6. **Implement Use Cases**:

• Map ArcSight variables to fraud indicators such as suspicious geography access, blacklisted mule accounts, transactions from anonymous proxies, and high transaction values.

• Create rules, reports, and dashboards in ArcSight for these early indicators.

• Maintain active lists of potentially risky accounts or transactions.

7. **Define Rules**: Establish criteria for detecting fraudulent activities based on the mapped variables and create corresponding rules within the ArcSight platform. 8. **Sample Reports and Dashboards**:

• Create specific reports such as "Suspicious Geography Access – Internet Banking" to monitor unauthorized access points or locations related to transactions.

• Generate dashboards that provide an overview of top transactions across various banking channels for analysis and trend identification.

9. **Monitoring Process**: Implement a process to continuously monitor the performance of the system, ensuring it operates efficiently in real-world scenarios while adapting to changes in transaction patterns and fraud techniques. This document provides a structured approach to developing an internet trading system with robust fraud detection capabilities, utilizing ArcSight for early warning systems and real-time monitoring. The document discusses several benefits and concepts related to enterprise security trends and concepts, particularly focusing on how businesses can use tools like ArcSight Enterprise Security Manager (ESM) to prevent financial fraud. Key points include: 1. **Benefits**: Using ArcSight ESM provides early detection of fraud and helps in preventing significant financial losses. It allows organizations to achieve a higher return on investment by efficiently managing the extension effort for detecting anomalies related to application security, thus serving as a robust defense mechanism.
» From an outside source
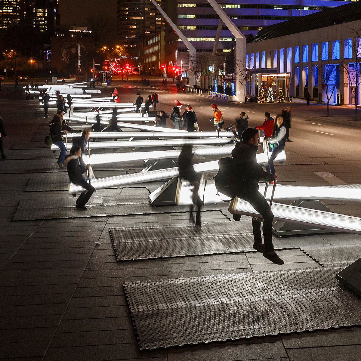 Hliníkové hojdačky rôznych dĺžok, od 4,8 do 7,3 metra, sú vybavené LED svetlami a reproduktormi prehrávajúcimi zvukovú a svetelnú sekvenciu, hneď ako ich ľudia aktivujú tým, že si jednoducho sadnú na oba konce a chytia sa za držiaky. Každá z hojdačiek má svoju vlastnú tónovú zostavu, ktorá rezonuje s ostatnými. Zariadenie matne svetielkuje aj vtedy, keď sa práve nepoužíva.

Additionally, it can help businesses demonstrate compliance with standards such as PCI (Payment Card Industry) data security requirements for monitoring applications. 2. **Threats and Targets**: Banks are particularly vulnerable to financially motivated threats that lead to fraud due to the sensitive nature of their operations. Cybercrime syndicates target business applications because they can exploit vulnerabilities in these platforms to breach data or transactions. 3. **Detection through Application Monitoring**: By monitoring application parameters, it is possible to detect early indicators of potential fraud and irregularities. ArcSight ESM can be extended with the FlexConnector kit to monitor such signs within the enterprise system. 4. **Compliance and Standards**: The effectiveness of this approach contributes to compliance with PCI standards for data security in applications, which are crucial for maintaining customer trust and avoiding penalties related to non-compliance. In summary, integrating ArcSight ESM and using its extendibility through FlexConnector can significantly enhance an enterprise's fraud prevention capabilities while demonstrating commitment to high security standards. This setup not only protects against financial loss but also boosts the organization's reputation as a secure entity in the market.